Please see my correspondence with Senate Candidate Pete Ashdown on this subject at: http://alienatedwannabe.blogspot.com/2006/11/my-reply-to-pete-ashdown-regarding.html#links

Sincerely,
Alienated Wannabe
http://www.alienatedwannabe.blogspot.com

Bradley Ross said...

I must plead guilty to both poor writing and poor analogy. This post was an attempt to make a very limited point in a humorous way: there is some point at which it is murder to kill a child because it has become inconvenient. We currently place that point at birth. Why at birth and not at two months before birth? three months? four months? And if we are going to err, shouldn't it be in favor of innocent life? Just because a baby can't do some things (like repair a fridge) doesn't mean they have no intrinsic value.

Alienated Wannabe said...

Dear Bradley,

I agree completely with your last point.

If society does not know when life begins, shouldn't it err on the side of caution? Shouldn't it "play it safe," instead of being so cavalier with abortion?

Sincerely,
Alienated Wannabe

Scott Hinrichs said...

AW, as to what we ought to do with respect to abortion, I think Roe v. wade ought to be overturned. Why? Because it was the epitome of bad government. It prematurely removed the issue from real public debate.

I can already hear people saying that it hasn't been removed from public debate, because we're always discussing it. But it has been removed from substatitve public debate because the debate has no real consequenses.
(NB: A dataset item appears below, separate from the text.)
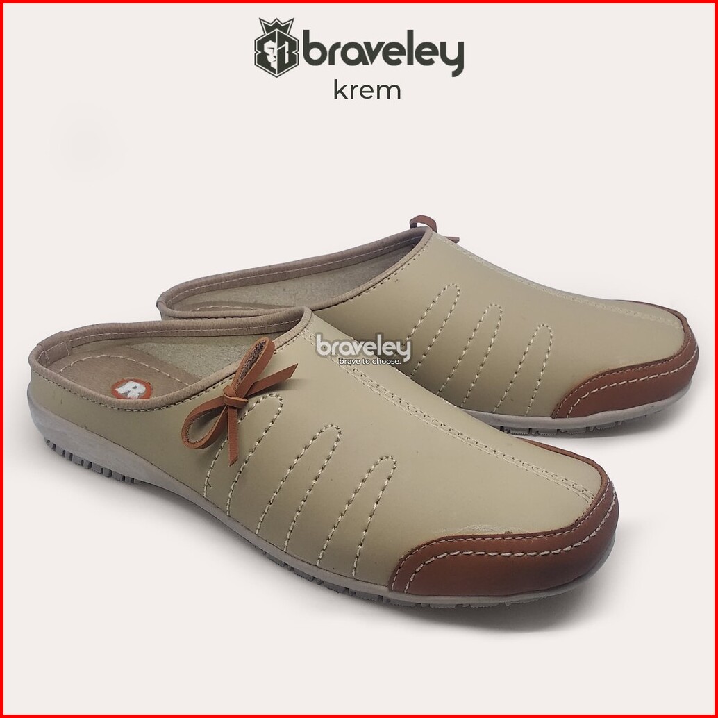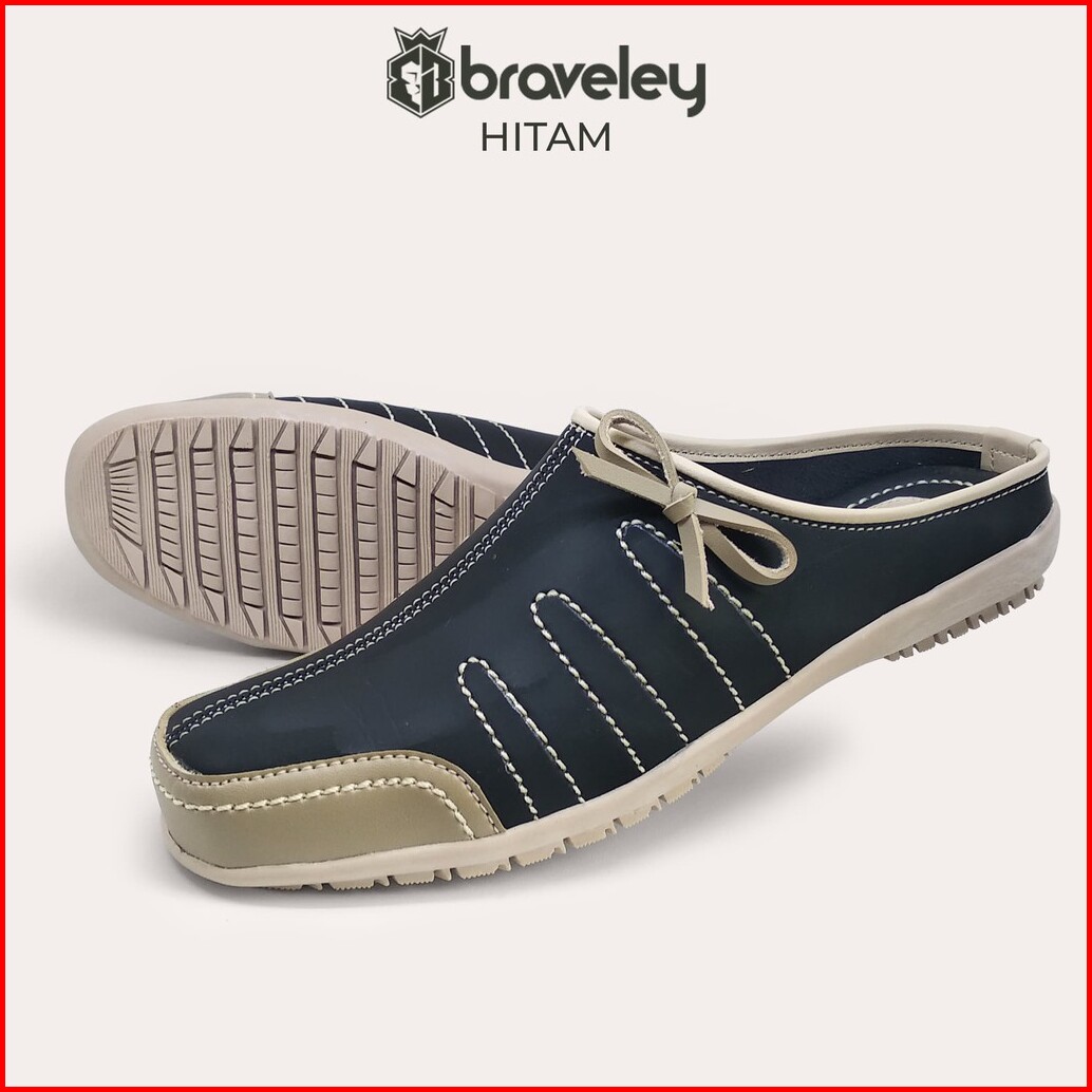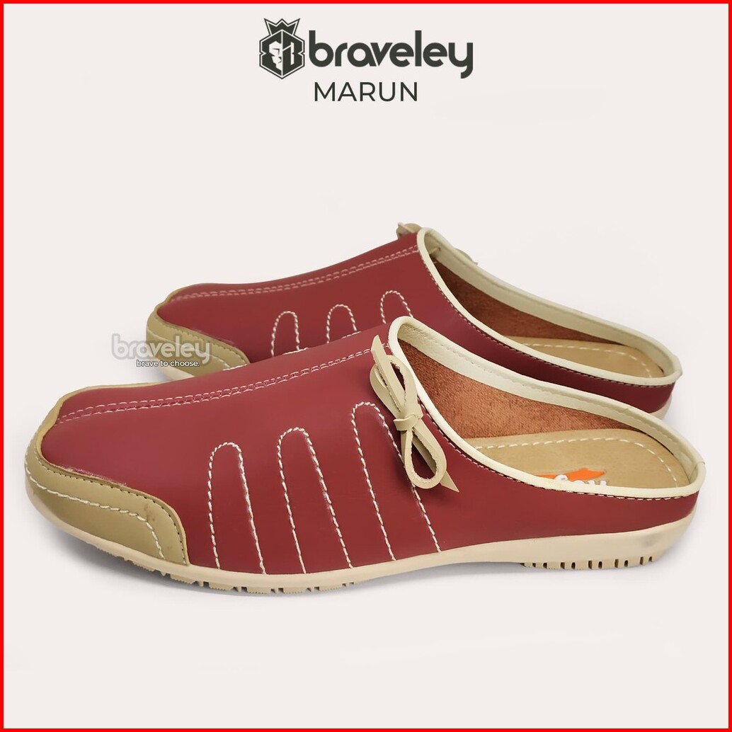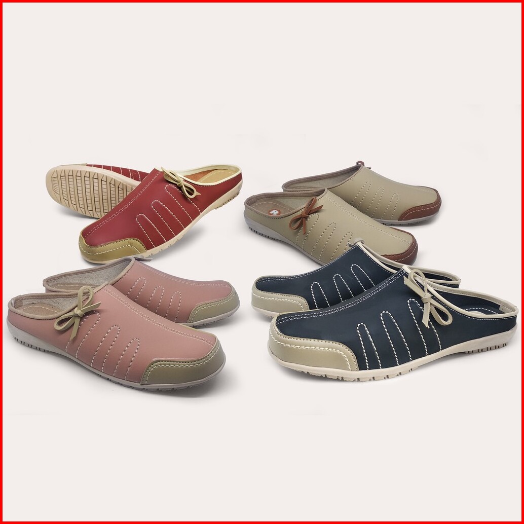 Sandal Sepatu Slip On Wanita Flat Kulit Sintetis

It doesn't matter what people say because nothing they say or do will ultimately affect public policy.

Thus we have people on both sides of the debate that bear no real responsibility for their opinions. Neither side has to "get real."

Without the barrier of RvW, we would be able to have real and substantive public debate about the issue. People would have to get real about their opinions. We would be able to craft public policy that considers the pluralistic nature of our society.

Alienated Wannabe said...

Bradley,

Well said. I agree completely.

My one concern over this issue is that if we do make an attempt to overturn Roe v. Wade by way of the current proposed legislation, we may actually end up further entrenching it--just like the "Casey" ruling did.

The Court hates to reverse itself, and we have had bad luck over the years with so-called conservative justices--like Blackmun, Berger, O'Conner, Souter, Kennedy, etc.--doing the exact opposite of why we hope.

There is no guarantee of anything. I hope that we aren't going to be disappointed. But, I think that we have to do something.

Sincerely,
Alienated Wannabe

Alienated Wannabe said...

Oops! I addressed my last comment to Bradley, when I meant to type Scott (Reach Upward).